После этих слов я смутился и, не выдержав его взгляда отвел глаза в сторону. В моих мыслях словно наяву, сразу возникла моя сожительница Оксана, как сейчас стало модно говорить гражданская жена, а по сути фиктивная, т.е. опять та же самая сожительница, хоть и неблагозвучно звучит, но зато по совести. Она сообщила мне на днях пренеприятнейшее известие личного плана. В общем, сообщила мне Оксана, что вновь беременна. Честно признаться меня эта новость изрядно смутила, и я не знал, как на нее реагировать. Она совершенно выбила меня из повседневной колеи, жизненной размеренности и такой удобной и привычной ежедневной суеты. У меня было такое чувство, что кто-то с небес свалил на меня неразрешимую проблему. Как-то вновь некстати, не вовремя и неожиданно это случилось. На работе проблемы, финансовый кризис(в 2008 он уже вынудил нас отказаться от ребенка, прервав беременность Оксаны), тут еще опять на Россию с санкциями напали и вот она вновь, т.е. Оксана, словно специально, совсем некстати беременеет. И мы опять думаем, что нужно повременить с ребенком и тут этот дед, со своей неудобной хфилософией. Странный старичок! Я уже стал задумываться, а ни экстрасенс ли он? Сидит напротив меня и смотрит так, словно за самую душу хватает и начинает там свои порядки наводить, и ковыряет, ковыряет, ковыряет, и говорит, говорит, говорит. А голос становится все крепче и крепче, гремит словно раскаты грома. И вот он уже вновь на моих глазах превращается из ветхого старичка в ветхозаветного пророка.

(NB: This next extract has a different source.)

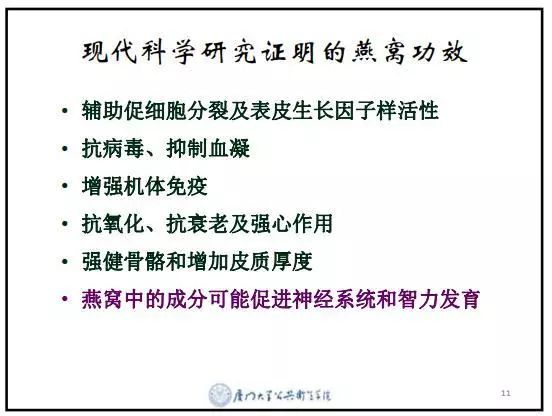 比如:辅助促细胞分裂及表皮生长因子样活性;抗病毒,抑制血凝;增强机体免疫;抗氧化、抗衰老及强心作用;强健骨骼和增加皮质厚度;燕窝中的成分可能促进神经系统和智力发育等,这个成分就是燕窝中独特价值的“唾液酸”,“唾液酸”会自身产于很多地方,例如母乳,所以健康育儿必须母乳喂养。在孕期第26周-1周岁,是胎/婴儿大脑发育的关键期,此时,母体补充“唾液酸”是非常有必要的!在所有的食物中“唾液酸”含量最高的就是燕窝,所以也叫“燕窝酸”。

–Знаю что сейчас творится! миллионы каждый год убиваются!!! Человек как скотина стал жить только ради своего удовольствия! Целью жизни объявили наслаждение – хочется детей родили, хочется – удавили! Детей стали убивать ради беззаботной жизни, чтобы стол побогаче был, да денег и времени на себя любимых побольше было! Ведь это пострашнее нацизма! – те другие народы за людей не считали, а щас собственных детей за людей не считают! Пошлет Бог дитя радоваться надо, а мать сходит к душегубу в белом халате, денег даст, он ее дитё пока он или она в чреве ни кричать, ни помощи попросить не могут, возьмет да и удавит! – и дед от негодования хлопнул ладонью по своему колену. Одновременно с его хлопком небосвод содрогнулся от оглушительного раската грома, да бабахнуло так, что я пригнулся. Земля под ногами заходила ходуном, мне даже показалось, что эта вибрация передалась листве дуба, она затрепетала, словно на нее подул легкий ветерок.

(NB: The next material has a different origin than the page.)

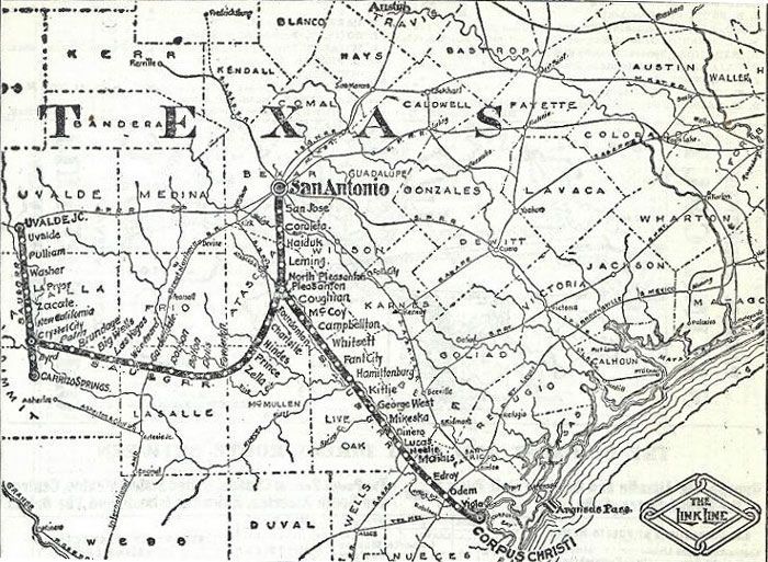 It was at this point that the nature of the whole company was transformed. The tracks turned sharply to the north east after Fowlerton, heading for Pleasanton. The CC & U had always vaguely hoped to head towards a port on the gulf but with no real plan. Instead, at least in the short term, the railroad went in the opposite direction. The reason for this was a merger with yet another railroad, the Mexico, San Antonio & Gulf (M, SA & G) that was only in the planning stages but had secured a right of way between San Antonio and Corpus Christi . The M, SA & G was created to satisfy a call made by city leaders in both large cities who were very unhappy with the service being provided by the Southern Pacific, and wanted a company to build an alternative line. Thus it was that the CC & U merged with the M, SA & G to become, briefly the San Antonio, Rio Grande & Gulf, (SA, RG & G) before changing name again to become the San Antonio Uvalde and Gulf (SAU & G). The new line between San Antonio and Corpus Christi would link with the CC & U in Pleasanton. The backers of the planned Mexico, San Antonio & Gulf were given a share in the new SAU & G in return for the right of way they had acquired between San Antonio and Corpus Christi. On its peculiar way to Pleasanton from Fowlerton, the new SAU & G went through Charlotte and then one mile north of the new town of Jourdanton, where it intersected with yet another new railroad, the Artesian Belt, built just a few years earlier. A one mile spur was built into Jourdanton, and a depot. For a while the town had two depots, but the spur was removed in 1920. For some time, even before both lines were acquired by the Missouri Pacific, both companies had the same agent in Jourdanton. Pleasanton was reached in 1912.

–Так вас же бесы на том свете мучать будут! – продолжал дед, – как вы детей здесь резали на части, травили и сжигали, так и вас будут кромсать! Бойся племя иудушкино, искариотское! Слыхал одна говорит: «мне бы кормить нечем было ребенка, если бы я его родила». Да как ты теперь хлеб-то в рот свой кладешь и не подавишься?! Ведь это тело твоего же ребенка?! тобою же и убиенного! Да на худой конец лучше бы ты его в мир пустила, да в приют сдала! Пусть бы дитё жило! раз рядом с матерью места нет. Там сироткам иной раз тяжко приходится, да все такое же небо! Дитё бы жило да радовалось! Бывало и плакало. Как без этого?! Вот видишь? – обратился он ко мне указывая в небо, – идет дождь. Потом будет светить солнце. Ведь жить то все равно хорошо?! Нельзя чтобы всегда светило солнце, иначе ее лучи сожгут землю, и она превратится в пустыню. И бесконечная радость, сытость и довольство тоже губительны для человека, они иссушают душу, делая ее бесчувственной и от того черствой и жестокой. Душа человека не омытая слезою покаяния, словно небесный цветок лишенный влаги – чахнет и увядает. А эти анчутки самовлюбленные, живут и еще рот открывают! Мол: "не хочу, чтобы ребенок мучился"?! Да люди в тюрьмах сидят! голодают! болезнями разными страдают! но живут! и жить хотят! И никакой человек в здравом уме себе петлю на шею не накинул! Потому что, какая бы не была, но жизнь прекрасна! А эти же хищники! Людоеды! Сидят, лопают в обе щеки! Любуются голубым небосводом, нежатся на солнышке и при этом хладнокровно решают кому жить позволено, а кому смерть в утробе!!! Лицемеры! И как у вас совести хватает в зеркало смотреться?!! Да еще нет-нет, да и улыбнутся себе же своим тупым и самодовольным оскалом. – Дед в порыве негодования, то метал в землю словно молнии, свой грозный взгляд, то в бессильном возмущении и мольбе обращал полные слез глаза в небеса.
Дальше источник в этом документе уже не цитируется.